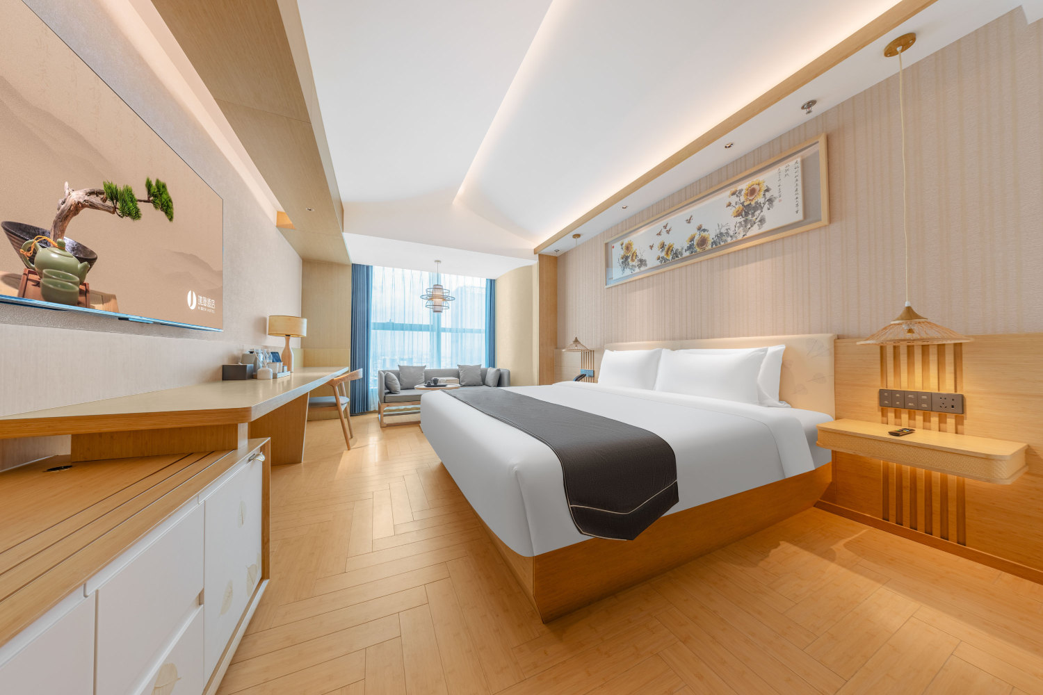 【休闲娱乐与文化体验】为了让您全方位感受中式生活乐趣,大堂设定了璞茶室,与友人对弈品茶,谈天说地。若您喜爱传统文化艺术,酒店还会不定期举办书法、绘画、剪纸等非遗技艺展示活动,邀请入住客人体验参与到中式文化宣传中。
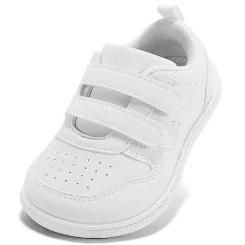 STQ Boys & Girls Trainers Toddler Wide Toe Box Barefoot Shoes School First Walking Baby Infant Lightweight for Football Kid Running Child with Non-Slip Soft Tennis Prewalker Sneakers All White Size 3
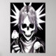A portrait of a happy Skeleton with hair and clothing holding two ice cream. This is a AI generated art.
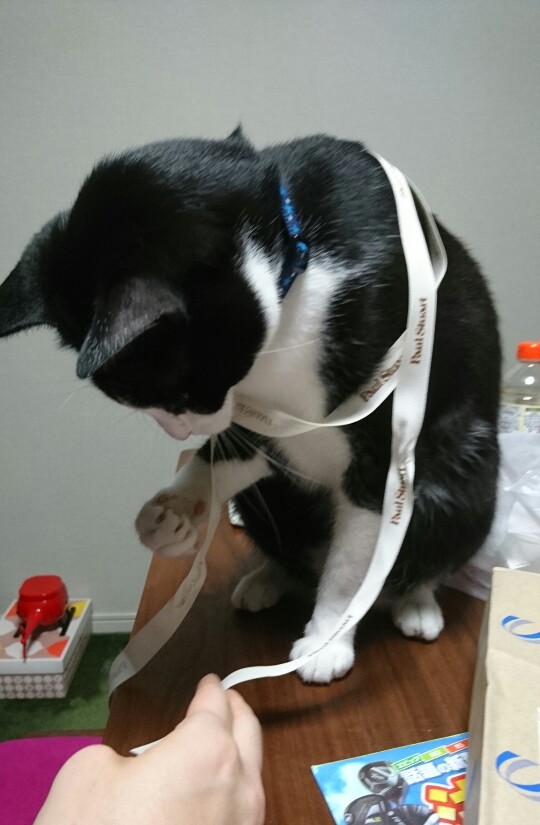 高級そうな紐・・・というかリボン♪ 大人しいのはプレゼントと化しているから?(笑)
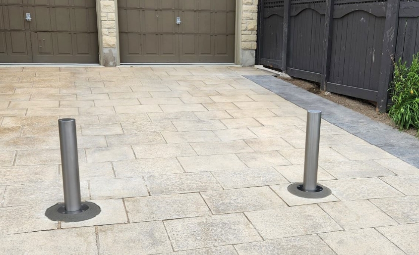 Driveway bollard installation prevents auto theft with automated retractable bollards.
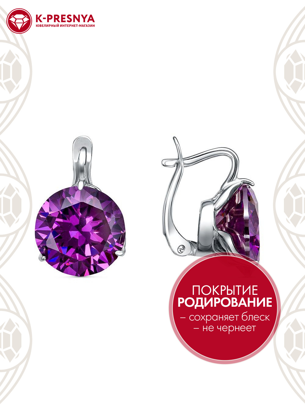 Серьги серебро 925 пробы, покрытие - родирование, вставка - фианит (недрагоценный камень)
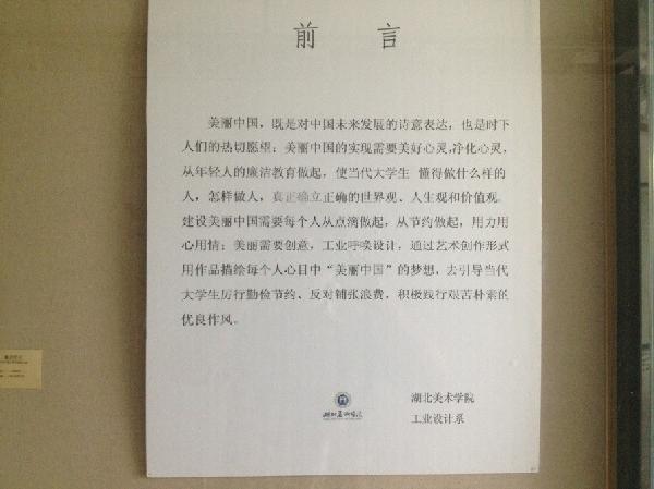 本次作品展以“美丽中国 从节约开始”为主题,旨在宣传中国传统美德,反对铺张浪费,弘扬校园新风和正能量。美丽中国,既是对中国未来发展的诗意表达,也是时下人们的热切愿望;美丽中国的实现需要美好心灵,净化心灵,从年轻人的廉洁教育做起,使当代大学生懂得做什么样的人,怎样做人,真正确立正确的世界观、人生观和价值观。建设美丽中国需要每个人从点滴做起,从节约做起,用力用心用情;美丽需要创意,工业呼唤设计,通过艺术创作形式,用作品描绘每个人心目中“美丽中国”的梦想,去引导当代大学生厉行勤俭节约、反对铺张浪费,积极践行艰苦朴素的优良作风。
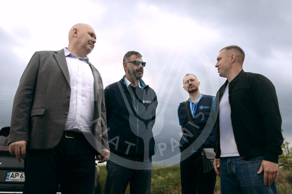 28 May 2025, Zaporizka oblast, Ukraine - (L-R) Rein Paulsen, Director of FAO’s Office of Emergencies and Resilience, Mohammed Azouqa, Head of the FAO Office in Ukraine a.i., Oleksandr Skorobohatko, National Project Specialist (FAO Ukraine), Artem Kalnysh, farmer from Zaporizka oblast, at the Terra-Viktoriia farm.
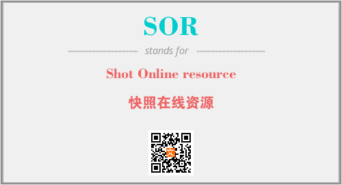 上述内容是“Shot Online resource”作为“SOR”的缩写,解释为“快照在线资源”时的信息,以及英文缩略词SOR所代表的英文单词,其对应的中文拼音、详细解释以及在英文中的流行度和相关分类、应用领域及应用示例等。
========================================
- _What you should do_: Word for word, give the listing above again, but drop any pictures.

- _Answer for the task_:
 【休闲娱乐与文化体验】为了让您全方位感受中式生活乐趣,大堂设定了璞茶室,与友人对弈品茶,谈天说地。若您喜爱传统文化艺术,酒店还会不定期举办书法、绘画、剪纸等非遗技艺展示活动,邀请入住客人体验参与到中式文化宣传中。
 STQ Boys & Girls Trainers Toddler Wide Toe Box Barefoot Shoes School First Walking Baby Infant Lightweight for Football Kid Running Child with Non-Slip Soft Tennis Prewalker Sneakers All White Size 3
A portrait of a happy Skeleton with hair and clothing holding two ice cream. This is a AI generated art.
 高級そうな紐・・・というかリボン♪ 大人しいのはプレゼントと化しているから?(笑)
 Driveway bollard installation prevents auto theft with automated retractable bollards.
 Серьги серебро 925 пробы, покрытие - родирование, вставка - фианит (недрагоценный камень)
 本次作品展以“美丽中国 从节约开始”为主题,旨在宣传中国传统美德,反对铺张浪费,弘扬校园新风和正能量。美丽中国,既是对中国未来发展的诗意表达,也是时下人们的热切愿望;美丽中国的实现需要美好心灵,净化心灵,从年轻人的廉洁教育做起,使当代大学生懂得做什么样的人,怎样做人,真正确立正确的世界观、人生观和价值观。建设美丽中国需要每个人从点滴做起,从节约做起,用力用心用情;美丽需要创意,工业呼唤设计,通过艺术创作形式,用作品描绘每个人心目中“美丽中国”的梦想,去引导当代大学生厉行勤俭节约、反对铺张浪费,积极践行艰苦朴素的优良作风。
 28 May 2025, Zaporizka oblast, Ukraine - (L-R) Rein Paulsen, Director of FAO’s Office of Emergencies and Resilience, Mohammed Azouqa, Head of the FAO Office in Ukraine a.i., Oleksandr Skorobohatko, National Project Specialist (FAO Ukraine), Artem Kalnysh, farmer from Zaporizka oblast, at the Terra-Viktoriia farm.
 上述内容是“Shot Online resource”作为“SOR”的缩写,解释为“快照在线资源”时的信息,以及英文缩略词SOR所代表的英文单词,其对应的中文拼音、详细解释以及在英文中的流行度和相关分类、应用领域及应用示例等。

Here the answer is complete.